-1

I have this block of xml.

    <procedure>
        <name1>first</name1>
        <name2>second</name2>
        <name3>third</name3>
    </procedure>

How can I retrieve the values (first, second, third - this I can do) and attributes (name1, name2, name3) as an XPath Expression?

Thank you

Quick
  • 1
  • 4

2 Answers2

1

To retrieve values 'first', 'second' and 'third' you can use below x-path.

//procedure/*

Also you can get each value separately.

//procedure/name1
//procedure/name2
//procedure/name3

name1, name2, name3 are the nodes and these are not attributes.

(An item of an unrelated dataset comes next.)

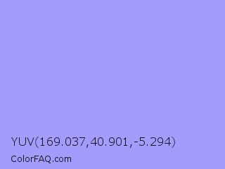 YUV 169.037,40.901,-5.294 Color is a light indigo color and the nearest color is Dull Lavender #a899e6. Hex code #a39cfc and RGB value is rgb(163,156,252). In RGB color space, this color is composed of 64% red, 61% green, 99% blue, In CMYK color space, this color is composed of 35% cyan, 38% magenta, 0% yellow , 1% black , In HSL color space, this color has a hue angle of 244° , 94% saturation and 80% lightness.
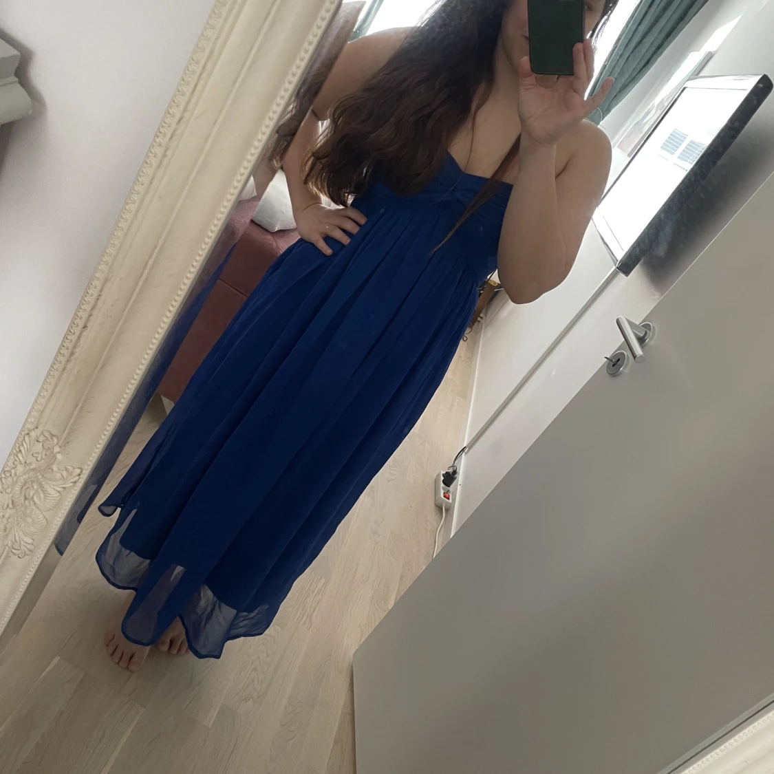Säljer min marinblå långklänning. Fortfarande mycket fint skick! Perfekt längd för någon som är 157-160 cm. Har använt den själv till diverse vårbaler under universitetstiden. Säljer på grund av att storleken nu är lite för liten för mig.

You can use below x-path to get node name.

//procedure/*/name()
Amol Patil
  • 23
  • 5
0

Using python's module lxml:

import lxml.html

if __name__ == '__main__':
    text = """<procedure>
        <name1>first</name1>
        <name2>second</name2>
        <name3>third</name3>
    </procedure>"""

    root = lxml.html.fromstring(text)

    for item in root.xpath('./descendant::node()'):
        try:
            if item.strip():
                print(item)

        except AttributeError:
            print(item.tag)

Pay attention to the xpath expression used, as noted in this SO answer.

The code above prints:

name1
first
name2
second
name3
third

You just have to save it in a .py file and execute it with: python3 script.py.

Kfcaio
  • 442
  • 1
  • 8
  • 20